Die Diskussionen in dem völlig überfüllten Auditorium waren lebhaft und ließen ahnen, wie sehr die Beschäftigung mit diesen Themenbereichen im Fluss ist und auf welch großes Interesse es stieß. Es wurde jedenfalls deutlich, dass das Fragezeichen im Sektionstitel hinter dem "Konflikt der Kulturen" gestrichen und durch ein deutliches nein! ersetzt werden kann. Keiner der Referenten und Diskutanten konnte ihn ausmachen. Die Fragen müssen mehr in die Richtung "Identität" und "Akkulturation" gestellt werden.
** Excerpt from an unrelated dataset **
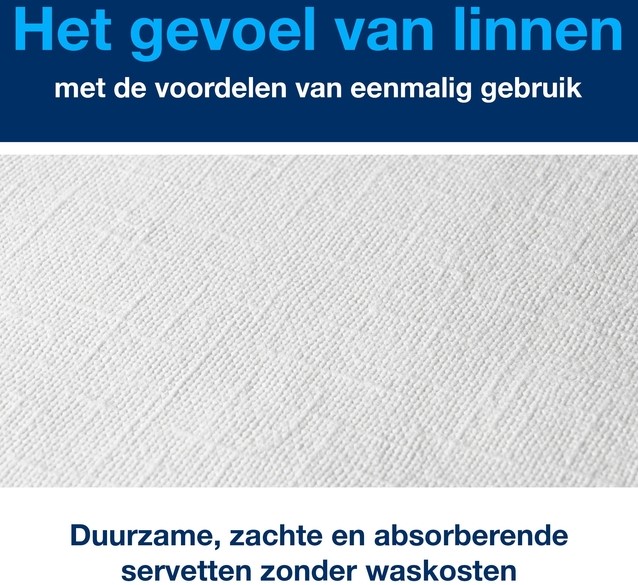 • Kwaliteit is belangrijk in restaurants en met standaard papieren servetten maakt u niet altijd de juiste indruk bij gasten. De papieren dinerservetten van Tork LinStyle® voelen aan als kwaliteitslinnen, maar zijn voor eenmalig gebruik. Wassen is dus niet nodig. Onze servetten zijn extra absorberend en sterk, zodat ze een hele maaltijd meegaan. De voordelen op een rijtje: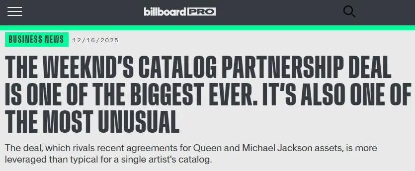 据《综艺》《公告牌》和彭博社此前报道,威肯音乐版权库估值至少为10亿美元,这其中唱片公司和出版商的净分成约为5500万美元。

Die Interpretation von archäologischen Funden ist immer schwierig, denn wie wollte man eine germanische oder romanische Integration an Hand ausgegrabener Kultplätze nachweisen? Ebenso wenig beantworten sie solche Fragen, wie die, ob auch Germanen diese römischen Kulte genutzt haben, oder ob es eine Vermischung gab. Der Polytheismus ist ein offenes System, wenn die Kulte vergleichbar sind (In der Germania hatte Tacitus sich nicht die Mühe gemacht, germanische Götternamen zu nennen, er nannte einfach die römischen! 4). Das Heiligtum sagt auch nicht, ob es bis zu seiner Zerstörung wirklich noch genutzt wurde oder mit welchem Kult, umgekehrt kann auch ein zerstörter Kultplatz noch verwendet worden sein. Archäologen und Historiker interpretieren sehr unterschiedlich und häufig decken sich die Meinungen nicht. Sind deshalb die Möglichkeiten der Archäologie beschränkter als die der Schriftquellen? Für diese Frage vielleicht schon.

Für die Existenz eines Reiches ist es weniger entscheidend, ob es Glaubensgleichheit gibt oder nicht. Die Zeitgenossen haben wohl kaum gesehen, dass es zwei Kulturen gab, wenn die Eliten sich romanisiert hatten. Wichtig für die Identität waren die Einheit des Reiches und die weitgehende Assimilation des Königs. Kaiser Justinian ließ den arianischen Glauben zu, weil er auf Soldaten angewiesen war. Für die Volksfrömmigkeit freilich geriet der Arianismus gegenüber dem Katholizismus ins Hintertreffen, weil er die Reliquienverehrung nicht kannte, die eine starke Anziehungskraft ausübte.

Einen durchgehenden und in Stadt und Land allgegenwärtigen clash of cultures erlebten die Menschen zwischen 300 und 800 wohl nirgendwo, dennoch prägte die Differenzierung zwischen römischer Identität und germanischem Gentilbewußtsein noch lange Zeit das Zusammenleben in den neuen Reichen. Die Überwindung des innerchristlichen Gegensatzes bildete jedoch die historische Voraussetzung, um ein gemeinsames religiös-kulturelles Fundament im westlichen Europa aufzubauen, das mit regionalen Eigenheiten en detail über Jahrzehnte ausgeformt wurde. Während dieser Transformation vollzog jedes Territorium für sich den entscheidenden Schritt in das frühmittelalterliche Zeitalter. Wie diese Transformation im einzelnen sich gestaltete, ist noch immer in der Diskussion. Für die Erklärung der Prozesse, die wir in den Quellen beobachten können, ist das Forschungsprojekt "Transformation" jedenfalls ein sehr geeignetes. Vielleicht wird es irgendwann von einem anderen Projekt abgelöst werden, doch bis dahin bleibt noch viel zu klären. Diese Sektion hat trotz ihrer erzwungenen Beschränkungen gezeigt, dass es auf dem Gebiet von Identität und Akkulturation weiterzuforschen gilt, als einem der Aspekte der Erforschung der Transformationszeit und der Bildung des frühmittelalterlichen Europa.

Anmerkungen:
1 Goffart, Walter, What's wrong with the map of the barbarian invasions?, in: Ridyard, Susan; Benson, Robert (Hgg.), Minorities an Barbarians in Medieval Life and Thought, Sewanee-TN 1996, S. 159-177.
2 Der Begriff wurde von Lynn T. White schon 1966 geprägt: The Transformation of the Roman World. Gibbon's Problems after Two Centuries, Berkeley 1966.
3 Cic. in Verr. 2,4,50,112.
4 Tac. Germ. 9,1 nennt Merkur, Herkules und Mars, ein Teil der Sueben verehre Isis.